But that was exactly what she was, and it was as the mother of that very pretty, intelligent and popular nineteen-year-old that she was fretting anxiously about the arrangements she had made for Katie’s first proper visit home since she had left for university at the end of the summer.

It had been all very well to gulp, hold her breath and exclaim as calmly as she could that there would be no problem when Katie had rung up three days ago and announced breezily that when she came home for the weekend she would not be alone, but would be bringing a friend with her. After all, she had had nineteen years in which to get used to the fact that Katie was an inveterate people collector, but what she hadn’t expected was for Katie to continue excitedly, ‘I know you’re going to like Silas, Ma. He’s a very special person and I can’t wait for the two of you to meet.’

Her heart had plummeted immediately Katie had finished speaking, and, although she had successfully managed to hide it from her daughter, she had been overwhelmed by a sharp sense of fear.

And yet Katie had had boyfriends before, of course; several of them in fact; gangly, sometimes spotty young men, who blushed and stammered, or adopted an unwittingly touching and amusing male machismo which sat very uncomfortably on their as yet still boyish shoulders. But this time it was different. This time … This time she felt all the apprehension and alarm of a mother who felt that her child was threatened in some way.

She had sensed just from the way Katie spoke his name that this Silas was important to her. Too important … She gave a tiny shiver, frowning unseeingly around her small sitting-room.

She could never really understand those women who claimed that their teenage daughters were their best friends. She felt far too great a sense of responsibility and awareness of life’s cruelties and un-kindnesses ever to relax her maternal vigilance enough to make that claim.

She hoped she wasn’t a possessive mother. All through Katie’s growing years she had worked hard at making sure that Katie never became distanced from her peers or from other adults, or suffered the kind of aloneness and isolation which she had suffered as a child.

The trouble was that Katie had been so vague about this Silas Jardine, and she had not liked to question her too deeply. All she knew about him was that Katie had met him at the university and that she was sure that he and her mother were going to get on like a house on fire. It sounded very ominous to Hazel. She had been all too maternally aware that, behind her insouciance and bright chatter, Katie was hiding something.

Biting her bottom lip, Hazel checked round the sitting-room again.

A warm fire burned in the grate, and logs were heaped up in the basket beside the fire, logs which had been supplied by Tom Rawlins from the farm, about whom Katie was always teasing her by describing him as her adoring swain.
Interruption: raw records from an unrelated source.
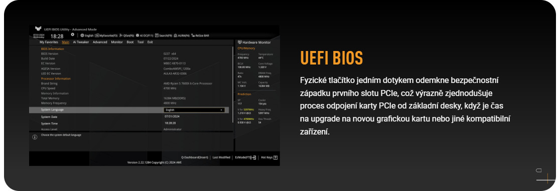 RAID řadič: AMD RAIDXpert2 Technology podporuje jak PCIe RAID 0/1/5 (pouze CPU AMD Ryzen™ řady 9000)/10, tak SATA RAID 0/1
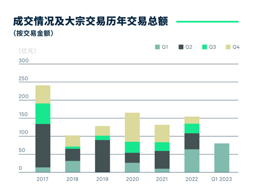廣州第一季度共錄得五宗大宗物業(yè)成交,總成交金額近80億元人民幣,同比增長(zhǎng)25%,并超過了2022年全年總成交金額的50%。超過九成的成交金額來自四宗寫字樓成交,分布在各區(qū),賣家類型均為房地產(chǎn)企業(yè)。其中科學(xué)城的爛尾項(xiàng)目由國企以13.1億元的底價(jià)拍得;琶洲的整棟寫字樓也被國企購入;廣州國際金融城和魚珠物業(yè)的買方則是以自用為主要需求的企業(yè)買家。最后,本季度錄得一宗位于番禺區(qū)的養(yǎng)老社區(qū)成交,成交金額比2020年的關(guān)聯(lián)交易增長(zhǎng)了42%。
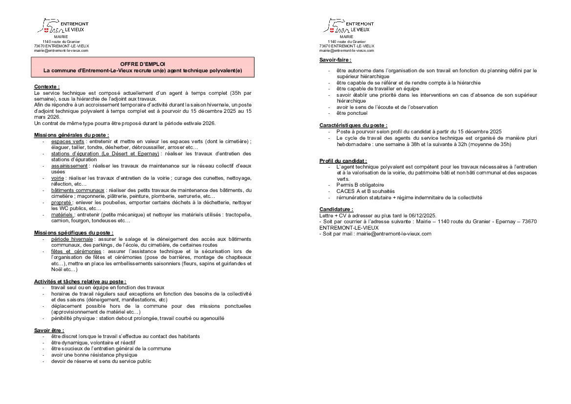 OFFRE D'EMPLOI - ADJOINT TECHNIQUE

It was true that she and Tom occasionally went out for a meal or to see a show. He was a widower with two grown-up children; she was … Well, she was the mother of an almost grown-up daughter and it was only natural that they should have things in common. But that was as far as any relationship between them went.

Fortunately Tom was far too gentlemanly to make the kind of sexual demands she so dreaded and detested receiving.

It had shocked her three years ago, when Katie had coolly announced that it was high time that her mother stopped behaving as though she ought to be punished and despised simply because she had given birth to an illegitimate child, and started feeling proud of herself instead for all that she had done for that child.

‘Ma, every time a man looks at you, you shrink visibly. You’re a very attractive woman. Everyone says so, and I for one certainly wouldn’t object if you decided to provide me with a stepfather, providing of course that I liked him.’

‘Well, for your information, I have no intentions of doing any such thing,’ Hazel had retaliated sharply.

‘Why not? You should think about it,’ Katie had told her smartly, adding critically, ‘Just look at you. As long as I can remember it’s just been you, and me, and of course Gramps. I know it must have been awful for you, losing Dad like that in such an awful accident and then finding out about me. But I don’t see why just because of that you’ve got to spend the rest of your life hiding away from men. You can’t get pregnant just by smiling at them, you know,’ she had added with typical teenage scorn. ‘You can’t want to spend the rest of your life alone. With Gramps gone …’

‘It’s all right,’ Hazel had told her shakily but drily. ‘If you’re worried about having a geriatric parent on your hands cramping your style, I assure you that you need not be.’

That had made Katie laugh and the subject had been dropped, but Katie had resurrected it with uncomfortable frequency as the time drew nearer for her to leave home and go to university.

‘You’re so young, Ma,’ she had expostulated more than once. ‘Men fancy you. I’ve seen the way they look at you, but you … Well, you behave like—like a shrinking virgin.’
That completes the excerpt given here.